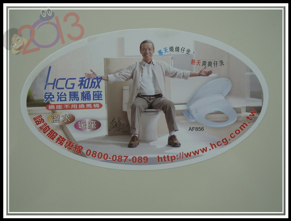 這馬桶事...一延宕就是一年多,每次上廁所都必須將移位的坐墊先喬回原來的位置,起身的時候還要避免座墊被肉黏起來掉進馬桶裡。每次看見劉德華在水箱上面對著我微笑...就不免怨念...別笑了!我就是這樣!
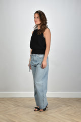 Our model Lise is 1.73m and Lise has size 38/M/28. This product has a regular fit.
────────────────
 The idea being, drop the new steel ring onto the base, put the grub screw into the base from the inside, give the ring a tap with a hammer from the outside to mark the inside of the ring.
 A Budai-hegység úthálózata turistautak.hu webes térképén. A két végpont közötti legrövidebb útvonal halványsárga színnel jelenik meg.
────────────────
The task :: Reproduce verbatim only the segment of the listing bounded by the line containing "The idea being, drop" and the line containing "A Budai-hegység úthálózata", with both boundary lines included.

Expected output ::
 The idea being, drop the new steel ring onto the base, put the grub screw into the base from the inside, give the ring a tap with a hammer from the outside to mark the inside of the ring.
 A Budai-hegység úthálózata turistautak.hu webes térképén. A két végpont közötti legrövidebb útvonal halványsárga színnel jelenik meg.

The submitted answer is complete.